A quick guide to dementia

A quick guide to dementia

Dementia is a topic that nobody enjoys talking about. But, like all sensitive topics, it needs to be outed and explored. Only by improving our understanding dementia in its many forms can we hope to reduce its impacts. So on that note, here’s a Dementia 101 to get you started.

What is dementia?

Dementia is a term used to describe a range of symptoms that reduce memory, thinking and social skills to levels that make daily life difficult. It‘s caused by nerve cells and connections in the brain becoming lost or damaged, often progressively over time. The symptoms and changes a person with dementia experiences will typically depend on the condition that is causing it and what part of the brain is affected.
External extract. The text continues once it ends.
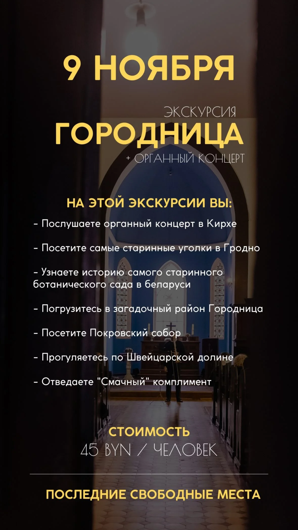 Театрализованную экскурсию по Городнице проведут организаторы «Тайны Гродно». В программе — органный концерт в кирхе, прогулка по старинным уголкам города, посещение Покровского собора и «смачный» комплимент.
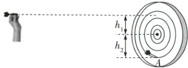 (2)飞镖离手后做平抛运动,竖直方向有$h_{1} + h_{2} = \frac{1}{2}gt^{2}$,解得$h_{2} = 0.35m$

How to recognise possible signs of dementia

One of the challenges of recognising dementia in its early stages is that the symptoms may be similar to those associated with normal ageing. Sometimes the onset is relatively slow and the changes are only noticed by people who haven’t seen you in a while.

The main difference between dementia and normal ageing is the degree of change. When it comes to memory loss, for example, it’s normal to forget where you put your car keys, but less normal to forget what your car looks like or that you even have one. Anyone can forget what they ate for lunch a couple of days ago, but it’s not so normal to forget what you ate half an hour ago. We all repeat stories from time to time, but most people don’t repeat the same story several times to someone over a single day.
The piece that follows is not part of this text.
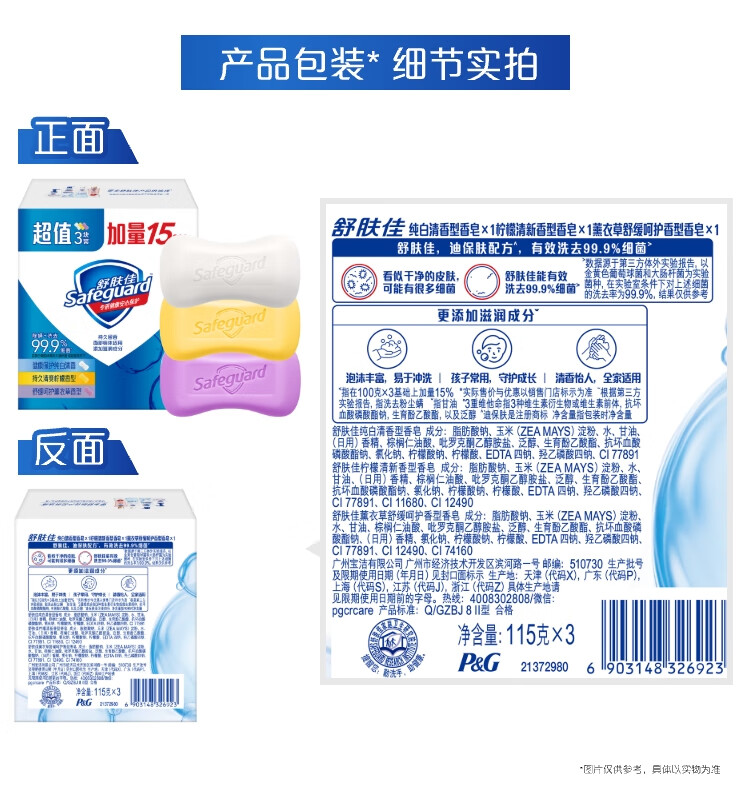 舒肤佳香皂115g*3块皂(纯白+柠檬+薰衣草)99.9%除菌沐浴皂 新旧包装随机

Dementia is not always recognised through memory loss. Other symptoms include delusions and hallucinations, such as completely believing something happened when it didn’t. Becoming disoriented is another potential symptom and so is a rise in verbal and physical aggression. Other symptoms, like confusion and becoming less able to care for yourself, often don’t come to the fore until the death of a partner who has been compensating for the person with dementia by gradually doing more and more for them over time.

What are the main causes of dementia?

While there are several types of dementia, they can be difficult to accurately diagnose. Many share similar symptoms and people can have more than one type.

Alzheimer’s disease, the most common cause of dementia, creates tangles and plaques in the brain that are believed to damage neurons and their connections. Symptoms often begin with a loss of commonly used words and a decline in the ability to hold a conversation. A person might, for example, start describing leaves as the green things on trees, because they can’t remember what they are called.

Vascular dementia, the second most common type, results from damaged blood vessels to the brain. It is frequently caused by stroke or multiple strokes. The symptoms of vascular dementia are often less about memory loss and more about slower thinking, reduced problem-solving abilities and a lack of focus or organisational skills. Unpredictable emotions and behaviours can also occur, along with swearing and ranting in a way that may not reflect their true feelings. People with vascular dementia are usually much more aware of their condition than those with Alzheimer’s.

Lewy body dementia (LBD) is caused by abnormal protein balls in the brain, which are difficult to confirm until an autopsy is performed. Common signs of LBD include seeing things that don’t exist, acting out dreams while sleeping and not staying focussed on things. Physical signs include slow or uncoordinated movement, rigidity and tremors. Many of these physical symptoms are similar to those of Parkinson’s disease. LBD tends to progress in stages with periods of little change in between.

Frontotemporal dementia (FTD) has several forms, all of which involve the deterioration of nerve cells and their connections in the brain’s frontal and temporal lobes. Symptoms vary depending on the particular type of FTD. One affects language and speaking skills, another affects movement and a third will alter personality and behaviour. Someone with FTD may lose empathy and say or do completely inappropriate things. They may not see their behaviours as unusual,; even if they do, they may not be able to stop them. Because of the wide ranging symptoms, FTD is very hard to diagnose accurately and may initially be mistaken for deep depression, bipolar disorder or Alzheimer’s.

While the above types of dementia are progressive and unable to be reversed, some conditions that have similar symptoms to dementia can be reversed. These include infections, immune disorders, thyroid problems, an imbalance in minerals or vitamin B-12, dehydration and vitamin deficiencies, medication side effects, poisoning, brain tumours and conditions that cause a lack of oxygen to organs.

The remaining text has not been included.